SSA – Basics of IR Code Generation
By Reginald Bellamy / July 17, 2022 / No Comments / Handling the scope of names, IT Certifications, LLVM IR REFERENCE, Technical requirements
The SSA form was developed in the late 1980s. Since then, it has been widely used in compilers because it simplifies data flow analysis and optimizations. For example, the identification of common sub-expressions inside a loop becomes much easier if the IR is in SSA form. A basic property of SSA is that it establishes def-use and use-def chains: for a single definition, you know of all uses (def-use), and for each use, you know the unique definition (use-def). This knowledge is used a lot, such as in constant propagation: if a definition is determined to be a constant, then all uses of this value can be easily replaced with that constant value.
To construct the SSA form, the algorithm from Cytron et al. (1989) is very popular, and it is also used in the LLVM implementation. Other algorithms have been developed too. An early observation is that these algorithms become simpler if the source language does not have a goto statement.

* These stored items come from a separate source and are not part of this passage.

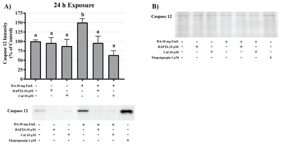 Effects of BAPTA-AM or calpeptin pretreatment on caspase 12 activity in HK-2 cells. Pretreatment with BAPTA-AM or calpeptin abrogated caspase 12 activation. Representative blots and cumulative densitometry included for caspase 12 (A) following 24 h exposure to DA. Representative blot with Memcode reversible stain for 40 µg loaded protein (B). Positive control for caspase 12 activation was thapsigargin. Different superscripts (a,b) indicate a statistical difference (p < 0.05) between various groups. Values represent mean ± SEM for three independent experiments.
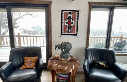Enjoy stunning views of the Gallatin and Absaroka Mountain Ranges and the majestic Yellowstone River from the wrap around deck or through the large picture windows from the main living and kitchen areas as well as the master bedroom upstairs. A sliding glass door leads to the southern facing deck with ample outdoor seating for enjoying sunsets. Handpicked original western artwork, bronze statues, large Indian style area rugs and original Yellowstone Park signs bridge the modern rustic décor to the home’s chic layout.
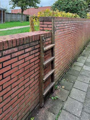 Het is niet helemaal duidelijk of de inofficiële verbinding tussen de brandgang achter de Van Royenlaan en het groengebiedje naast Albert Heyn een geitenpaadje of een olifantenpaadje genoemd moet worden, maar het is wel evident dat deze doorsteek het boodschappen doen vanuit de Van Royenlaan en De Sitterstraat richting het Helperplein aanzienlijk versnelt. Het succes van deze route is zonder meer te danken aan het degelijke trapje/laddertje dat iemand - of zijn het meerdere iemanden - jaren geleden maakte en met zekere regelmaat onderhoudt. Een paar weken geleden sloeg de gebruikers van deze doorsteek echter de schrik om het hart. Het trapje/laddertje was weg! Waren het de hangjongeren die hier uit balorigheid dit kunstwerk hadden gesloopt?
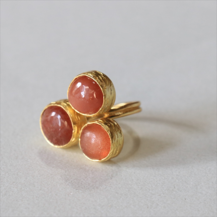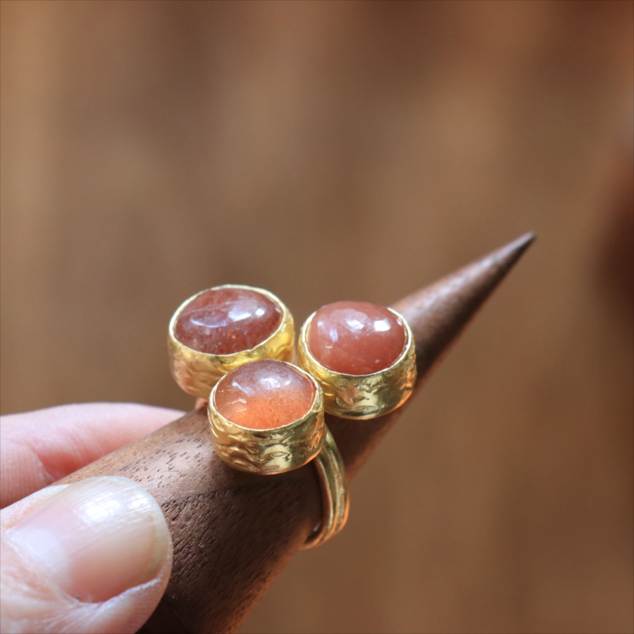 ほんのりブラウンがかったレンガの石の中に、よく見るときらきらと輝くインクルージョンがちりばめられたサンストーンが三つ並んだリング。コロンと丸形の3つの石はそれぞれ個性があり、ラメの様な輝きが光の射す角度によってきらめきます。
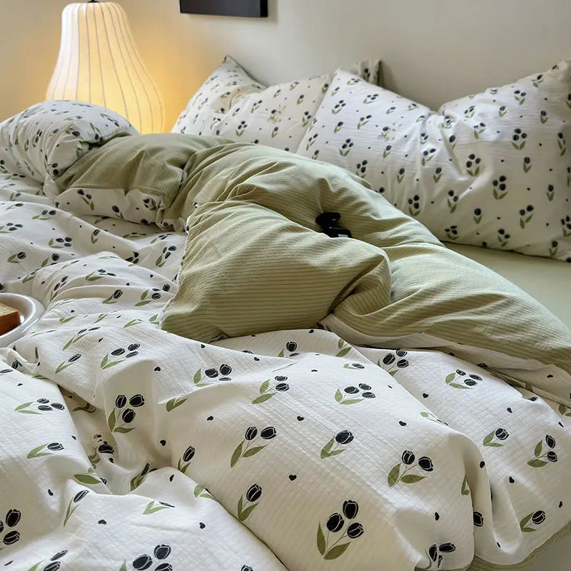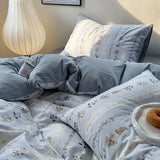 Yeknu Ins Bedding Set Duvet Cover Fresh Blue Floral. Wrinkled Yann Bed Set Of Four Pieces, Washing Cotton Sheets Bed Sheets
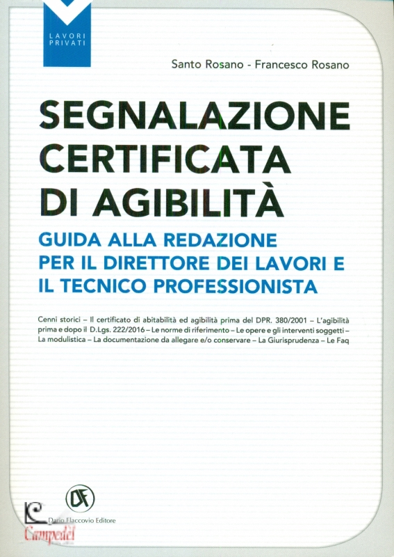 Segnalazione certificata di agibilità Guida alla redazione per il direttore dei lavori e il tecnico professionista Autori: Santo Rosano - Francesco Rosano Prima edizione: marzo 2020 Autori: Santo Rosano - Francesco Rosano La legge 7 agosto 2015, n. 124, più conosciuta come Riforma Madia, ha semplificato le procedure amministrative per la realizzazione degli interventi edilizi. Tali semplificazioni sono state introdotte con il D.Lgs. 30 giugno 2016, n. 126 – Attuazione della delega in materia di segnalazione certificata di inizio attività (SCIA), a norma dell’articolo 5 della legge 7 agosto 2015, n. 124 – SCIA 1 – e con il D.Lgs. 25 novembre 2016, n. 222 – Individuazione di procedimenti oggetto di autorizzazione, segnalazione certificata di inizio di attività, silenzio assenso e comunicazione e di definizione dei regimi amministrativi applicabili a determinate attività e procedimenti, ai sensi dell’articolo 5 della legge 7 agosto 2015, n. 124 – SCIA 2. Il presente volume costituisce un commento alla norma introdotta per illustrare il procedimento per la definizione dell’agibilità degli edifici e alla relativa modulistica, allo scopo di consegnare ai tecnici liberi professionisti una “guida” nella redazione della segnalazione certificata di agibilità. La nuova disciplina ha, infatti, previsto l’adozione di moduli unificati e standardizzati, licenziati nella seduta della Conferenza unificata Stato-Regioni del 4 maggio 2017, che le Regioni dovevano e hanno provveduto ad adeguare alle loro specifiche normative entro il 20 giugno 2017. Analogamente i Comuni dovevano e hanno provveduto, entro il 30 giugno 2017, a pubblicare sul proprio sito, fra gli altri, il modulo unificato per l’istanza di segnalazione certificata di agibilità. Il libro è altresì, per gli addetti ai lavori e non, un utile strumento per valutare la regolarità edilizia e la commerciabilità degli immobili. Libreria Campedèl Professionisti al vostro servizio | |

An in-depth treatment of SSA can be found in the book SSA-based Compiler Design, by F. Rastello and F. B. Tichadou, Springer 2022.
The next basic block is the body of the while loop:
while.body:
%b.loop = phi i32 [ %rem, %while.body ],
[ %b, %entry ]
%a.loop = phi i32 [ %b.loop, %while.body ],
[ %a, %entry ]
%rem = urem i32 %a.loop, %b.loop
%cmp1 = icmp eq i32 %rem, 0
br i1 %cmp1, label %return, label %while.body
Inside the loop of gcd, the a and b parameters are assigned new values. If a register can be only written once, then this is not possible. The solution is to use the special phi instruction. The phi instruction has a list of basic blocks and values as parameters. A basic block presents the incoming edge from that basic block, and the value is the value from that basic block. At runtime, the phi instruction compares the label of the previously executed basic block with the labels in the parameter list.
The value of the instruction is the value that’s associated with the label. For the first phi instruction, the value is the %rem register if the previously executed basic block was while.body. The value is %b if entry was the previously executed basic block. The values are the ones at the start of the basic block. The %b.loop register gets a value from the first phi instruction. The same register is used in the parameter list of the second phi instruction, but the value is assumed to be the one before it is changed through the first phi instruction.
After the loop’s body, the return value must be chosen:
return:
%retval = phi i32 [ %a, %entry ],
[ %b.loop, %while.body ]
ret i32 %retval
}
Again, a phi instruction is used to select the desired value. The ret instruction not only ends this basic block but also denotes the end of this function at runtime. It has the return value as a parameter.
There are some restrictions on the use of phi instructions. They must be the first instructions of a basic block. The first basic block is special: it has no previously executed block. Therefore, it cannot begin with a phi instruction.